Una domanda al poeta: Claudio Damiani
 
 
 
 
Le farfalle mi venivano incontro
erano quelle piccole azzurre
della mia infanzia che volevamo acchiappare
ma anche cavolaie che volavano a coppie tra i cespugli
e farfalle notturne che mi facevano paura
tra i gradini della scala di casa,
mi venivano incontro e io le accarezzavo
e le baciavo, era come se volassi
nello spazio e mi venivano incontro
corpi celesti, asteroidi, comete
e io li sfioravo e li accarezzavo
e in ognuno abitavo
per qualche tempo, poi ritornavano le farfalle azzurre
e tutte le altre e si diradavano,
si vedeva che andavano in un luogo
come un centro di raccolta
forse andavano a riposare, a mangiare, non so,
e io restavo solo
in un cielo completamente vuoto,
completamente solo.
 
 
 
 

Le farfalle come simbolo che riporta alla mente Bertolucci (“perché le farfalle vanno sempre a due a due…”). Ma se nel poeta era “una vita che non torna” in te diventa “un cielo completamente vuoto”. Cosa sono queste farfalle e che significato realmente hanno?

Alessandro Canzian

 
 
 
 

Sono farfalle della mia infanzia (nel villaggio minerario nella Puglia del nord), di vario tipo. Dirò qui di quelle piccoline azzurre che lasciavano sulle dita una polvere dorata che se cercavi di mandarla via diventava nera, e non andava via. Nella poesia successiva, sempre nel mio libro nuovo “Prima di nascere”, dico che quella polverina era la loro vita. (Comunque Bertolucci sapeva poco di natura, in un’altra poesia si stupisce dei gabbiani a Roma che penso ci siano sempre stati, essendo la città a pochi chilometri dal mare).

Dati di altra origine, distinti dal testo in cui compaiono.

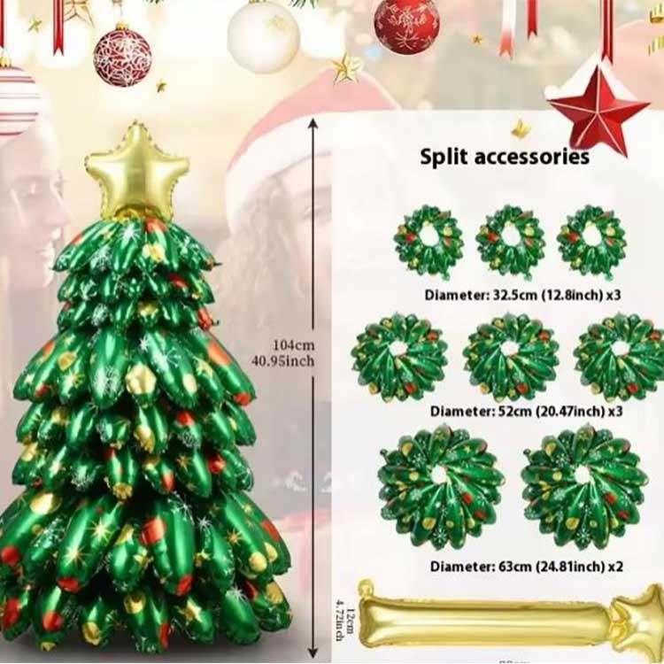 이 크리스마스 트리 스탠드업 포일 풍선은 크기가 130cm x 73cm이며 클래식 녹색 트리와 트리의 두 가지 색상 구성을 제공합니다. 클래식한 그린 트리는 크리스마스 분위기와 잘 어울리며, 컬러풀한 트리는 당사의 신제품으로 홈 데코레이션, 쇼핑몰, 바, 기업 활동에 적합합니다.
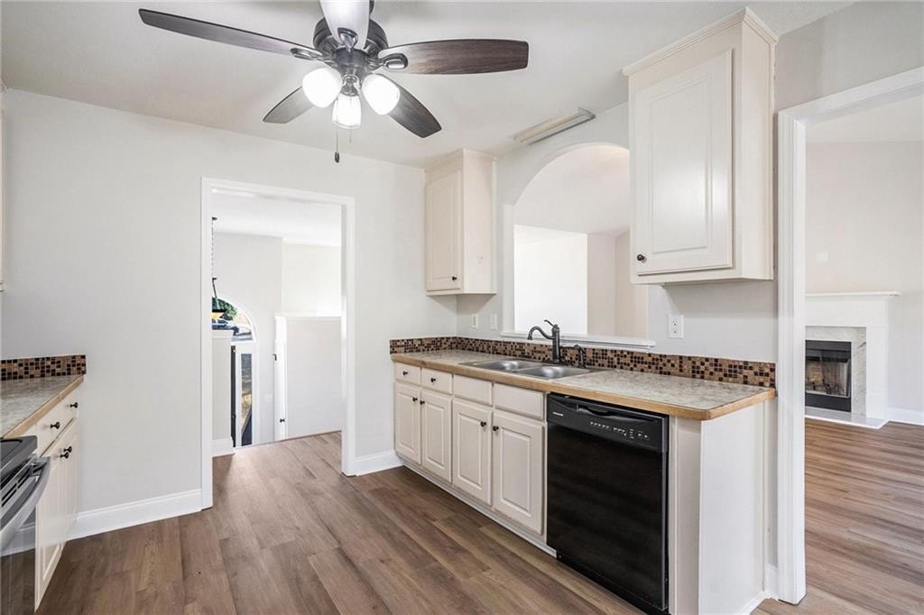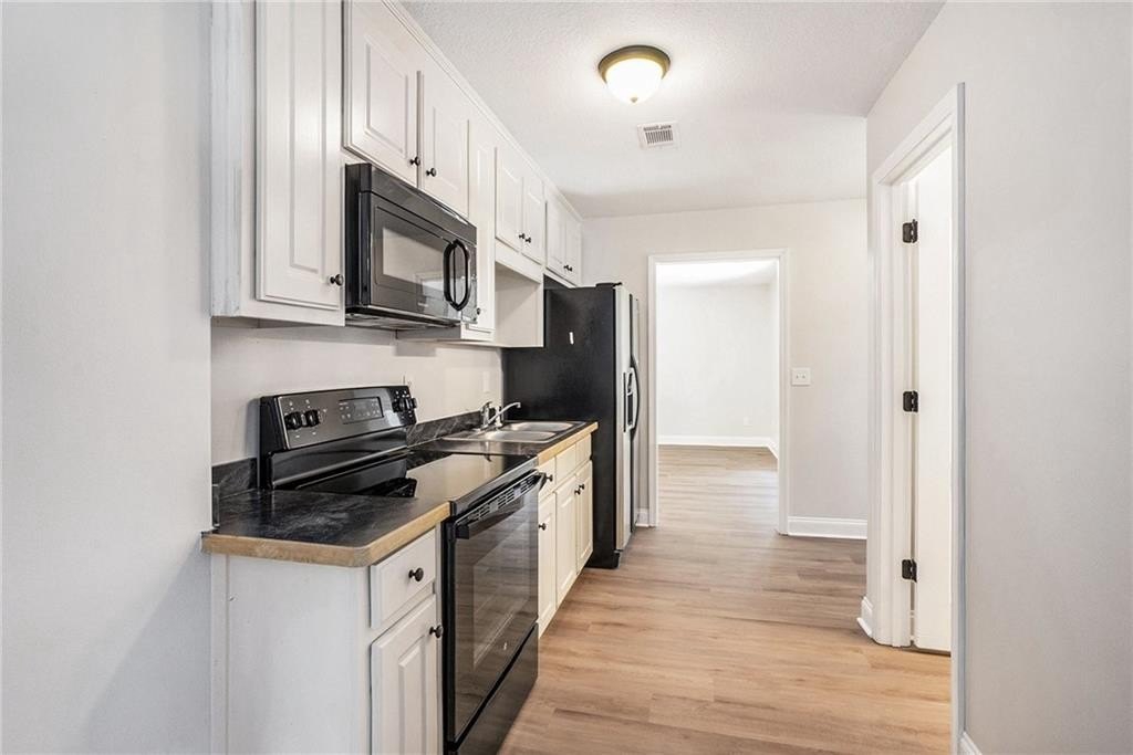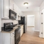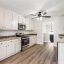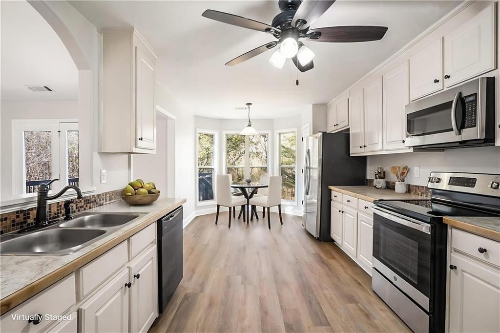 natural light. The kitchen features white cabinetry, stainless steel appliances, and plenty of cabinet and counter space for
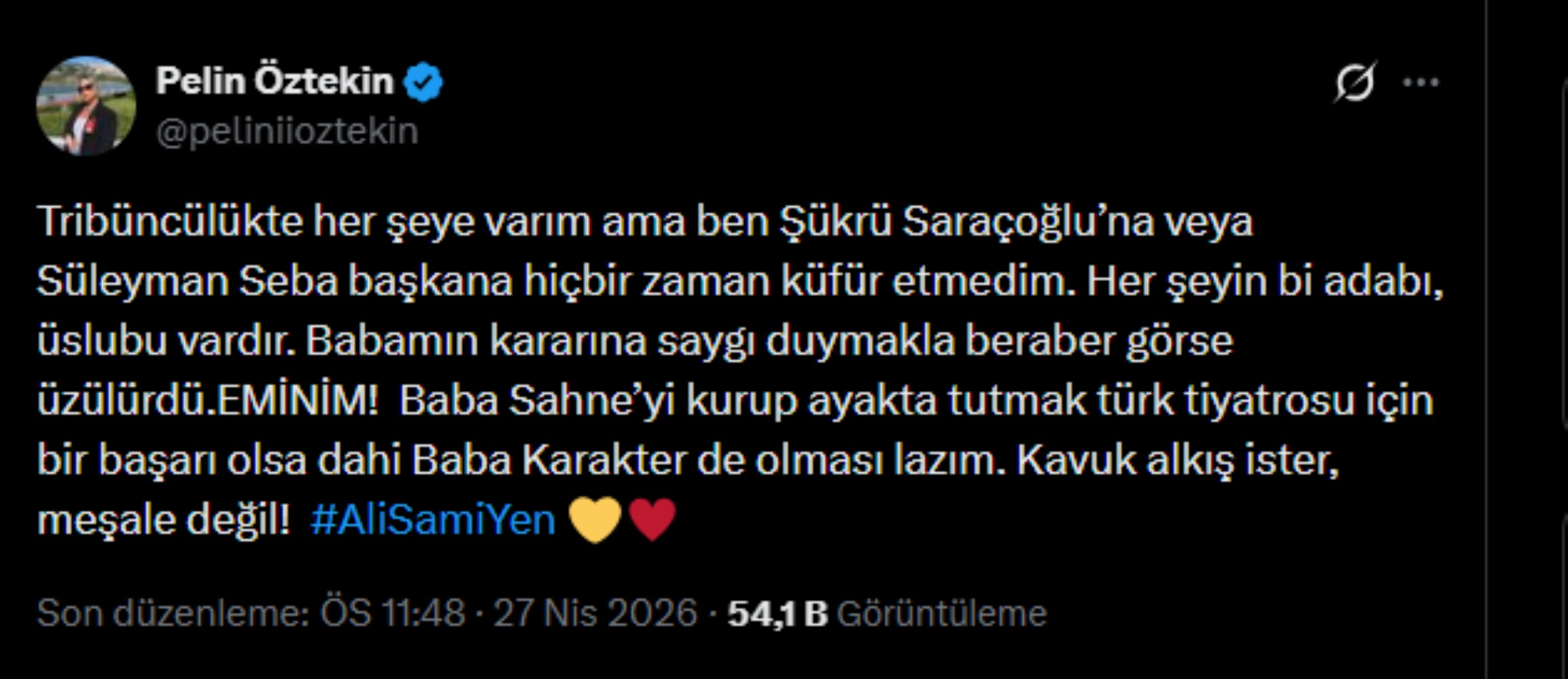 Babasının 'Kavuk'u devrettiği Çoruh için 'bu görüntüleri görseydi eminim üzülürdü' ifadelerini kullanan Pelin Öztekin, tepkisini şu sözlerle gösterdi:
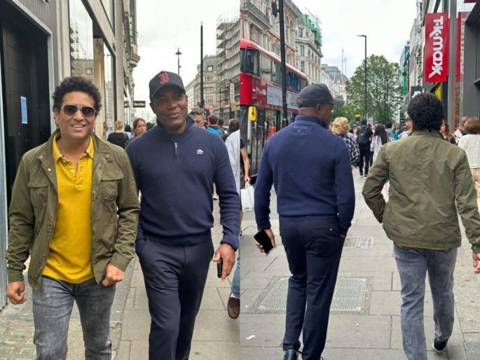 वेस्ट इंडिजचा माजी फलंदाज आणि क्रिकेट विश्वास फलंदाजी अनेक रेकॉर्ड आपल्या नावावर केलेला खेळाडू ब्रायन लारासमवेतचा फोटो सचिनने शेअर केला आहे. सचिन आणि लारा दोघेही लंडनच्या रस्त्यावर चालत असतानाचे या फोटो दिसत आहेत. सचिनने पिवळा टी-शर्ट आणि जिन्स घातली असून लारानेही निळा टी-शर्ट आणि कॅज्युएल पँट घातल्याचे दिसून येते. दोघांचाही एकदम कॅज्युअल आणि सर्वसामान्यांप्रमाणे असणारा हा लूक पाहून नेटीझन्स जाम खुश झाले आहेत. काहींनी या जोडीला दोस्ती म्हणत कमेंट केल्या आहेत. तर, काहींनी दोघांचे लोकेशन कुठले आहे, असा प्रश्न केलाय. एका युजर्सने लोकेशन लंडनमधील रस्ता असल्याचेही सांगितले आहे.
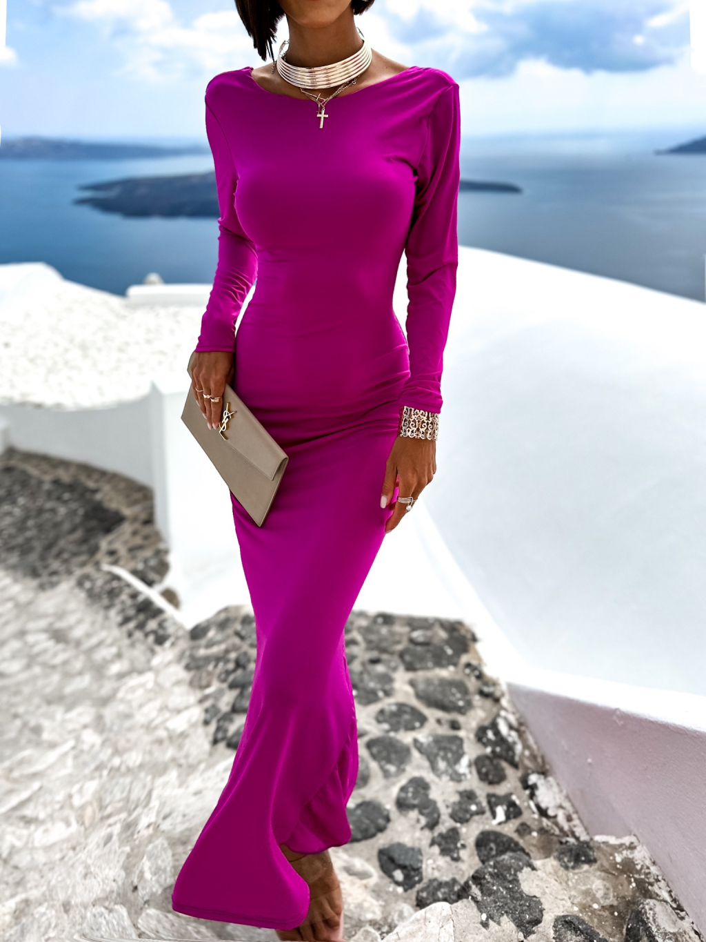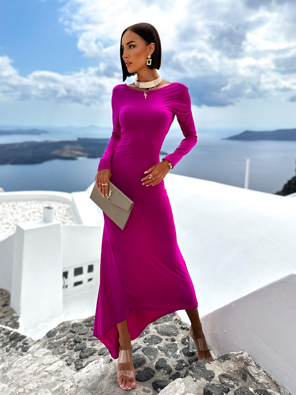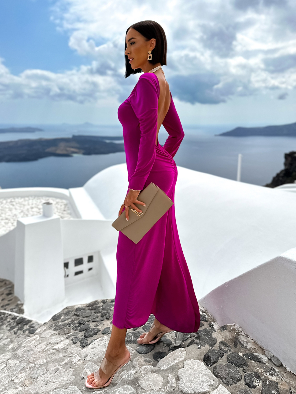 Fialové dlhé elegantné šaty NINTENI s prestrihom na chrbte
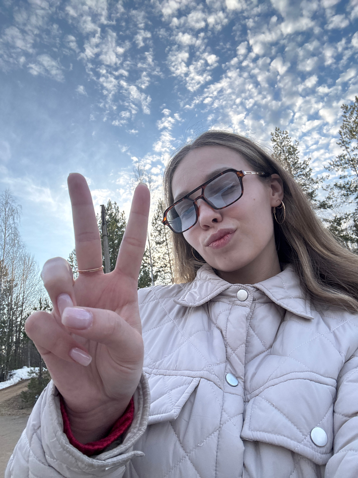 A young woman is taking a selfie outdoors. She wears a quilted jacket, eyeglasses, and hoop earrings. She is making a peace sign with her fingers. The background includes a blue sky with clouds and tr…read more
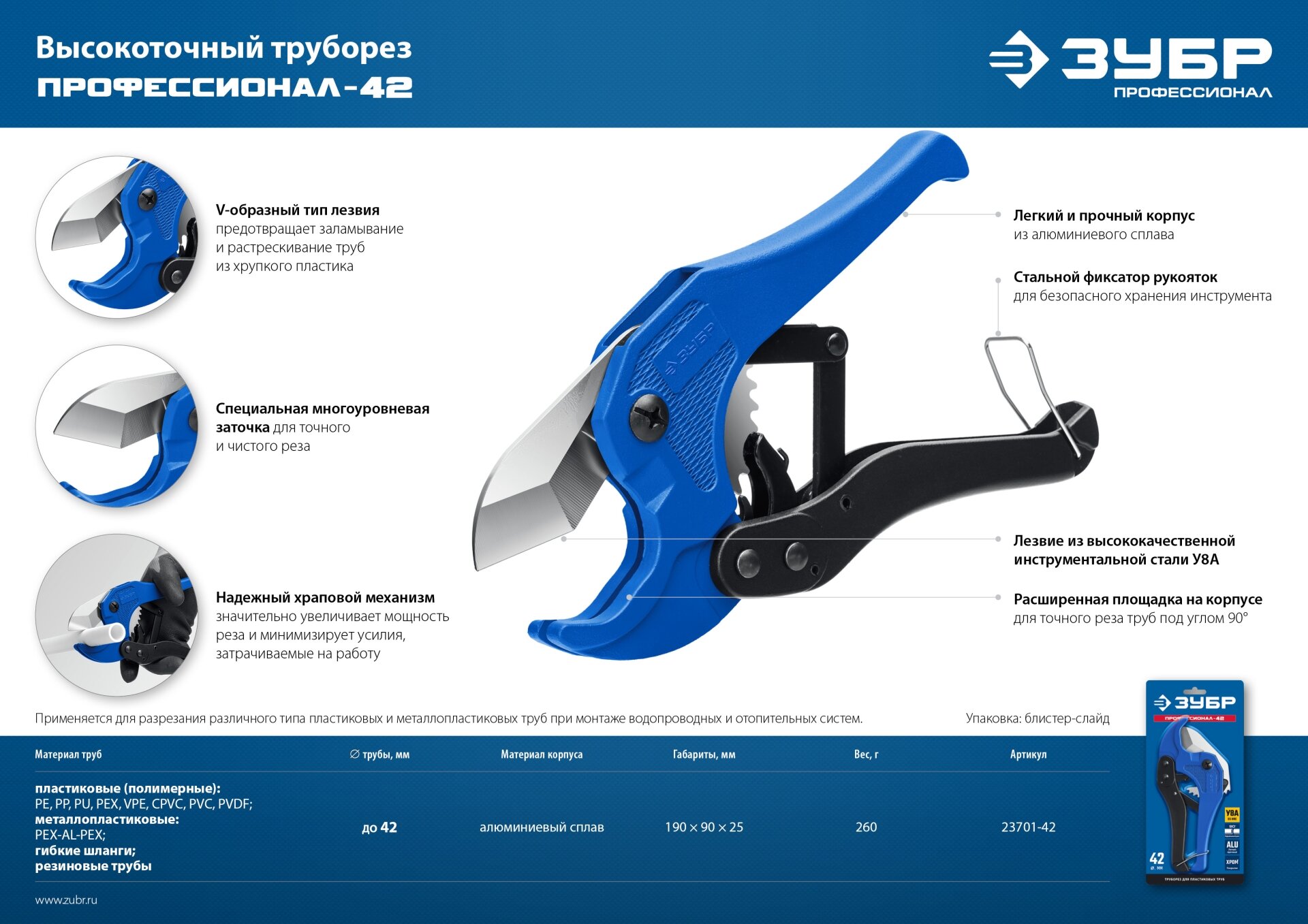 | Особенности | лезвие c V-образным острием предотвращает растрескивание труб из хрупкого пластика |

Comunque in questa poesia è un ritrovarci con tutte loro nel cielo, sono esseri cosmici che sembrano migrare verso un luogo misterioso, come se loro sapessero qualcosa che io non so, o si orientassero meglio di me. E in qui c’è un po’ il tema pascoliano della natura sapiente, che trovo attualissimo.